Die Münchner Aufführung fand unter der künstlerischen Leitung des jungen Grazer Dirigenten Patrick Hahn statt. Mit seiner Anstellung ab der Saison 2021/22 in Wuppertal ist er jüngster Generalmusikdirektor Deutschlands. Zugleich übernahm Hahn die Position als Erster Gastdirigent beim Borusan Istanbul Philharmonic Orchestra und beim Münchner Rundfunkorchester. Der „Kaiser von Atlantis“ ist seine erste CD-Einspielung mit dem Münchner Edelklangkörper. Hören Sie, was Hahn dazu zu sagen hat: https://www.youtube.com/watch?v=cHSMOAWJKs4

Patrick Hahn wird mit präziser Zeichengebung der Vielfalt der musikalischen Ausdrucksweisen auf faszinierende Art und Weise gerecht.
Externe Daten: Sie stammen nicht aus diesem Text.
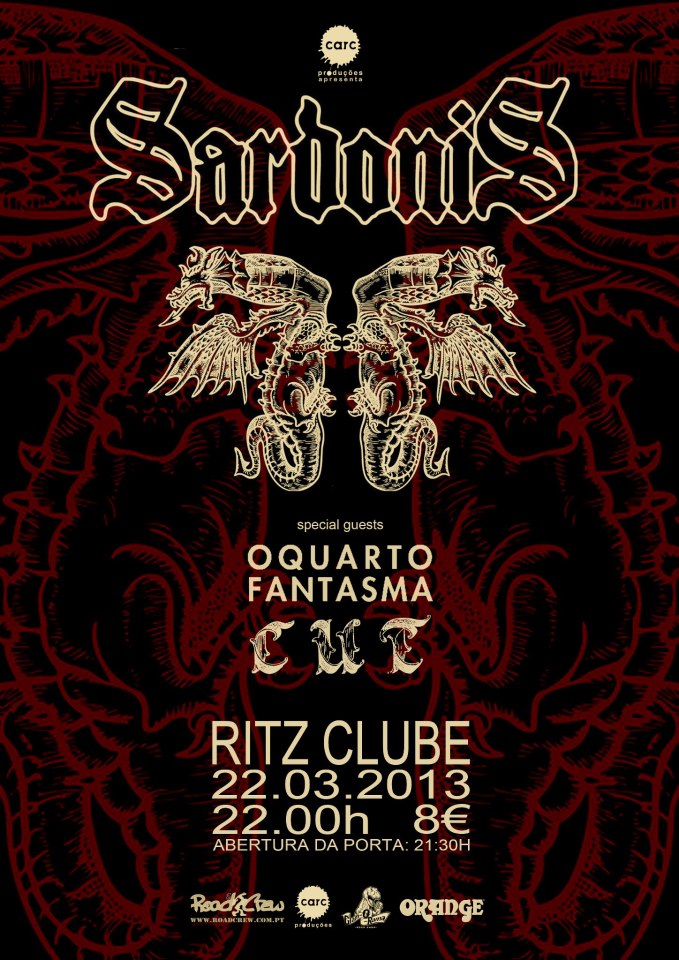 Sigam o rasto do Behemoth e venham ao encontro da irmandadade SardoniS, um exército belga de dois homens, que toca música instrumental pesada e ruidosa desde os idos de 2006. Com muita estrada debaixo dos pés e dois álbuns editados, o último "II" de Junho de 2012, andaram recentemente por terras do sol nascente em extensa tour, da qual resultou um disco em parceria com os titãs do doomrock Eternal Elysium. A abrir esta noite de vento negro, fogo e ferro dos SardoniS, O Quarto Fantasma, trio lisboeta de rock experimental. Amplamente instrumentais, as suas músicas exploram as dinâmicas entre o quase silêncio e explosões de som intensas. O seu disco de estreia sai este ano com o selo da Raging Planet. E ainda os Cut, trio que aposta sobretudo nas actuações ao vivo e prometem uma partilha de estados sensoriais inusitados.

Die Besetzung mit Juliana Zara (Bubikopf, ein Soldat), Christel Loetzsch (Der Trommler), Johannes Chum (Harlekin, ein Soldat), Adrian Eröd (Kaiser Overall), Lars Woldt (Der Lautsprecher) und Tareq Nazmi (Der Tod) geht in dieser surrealen Versuchsanordnung deklamatorisch eindringlich und stets mit der adäquaten Botschaft auf der Zunge ans Werk. Ullmanns musikalisch für seine Parabel so knapp wie scherenschnittartig gezeichneten Nummern werden von ihnen spröde, ironisch, polternd, scharftaktig, heiter apokalyptisch bis zärtlich verträumt realisiert. Dem Münchner Rundfunkorchester gelingt es, die forsche Politsatire weniger mit Schönklang, als mit einem die Stimmen eindringlich akzentuierenden Instrumentenreigen zu erfüllen.

Die Welturaufführung fand spät, nämlich an der Niederländischen Oper Amsterdam erst am 16. Dezember 1975 statt. Die Diskographie ist mager. Die berühmte Aufnahme der DECCA in der Serie „Entartete Musik“ aus dem Jahr 1994 mit Kraus, Berry, Vermillion, Mazura, Lippert, dem Gewandhausorchester Leipzig unter der musikalischen Leitung von Lothar Zagrosek ist längst aus dem Katalog gestrichen. Also sind die einzigen Alternativen zur Neueinspielung mit dem Münchner Rundfunkorchester eine Aufnahme aus dem Jahr 2015 des Labels IBS mit Pierre-Yves Pruvot, Wassyl Slipak, Anna Wall, Natalie Perez, Sebastien Obrecht, dem Orchestre Musique des Lumieres unter Facundo Agudin, mitgeschnitten beim Festival Musiques des Lumière bzw. eine CD des französischen Ensembles Voix Etouffees und dessen Dirigenten Amaury du Closel.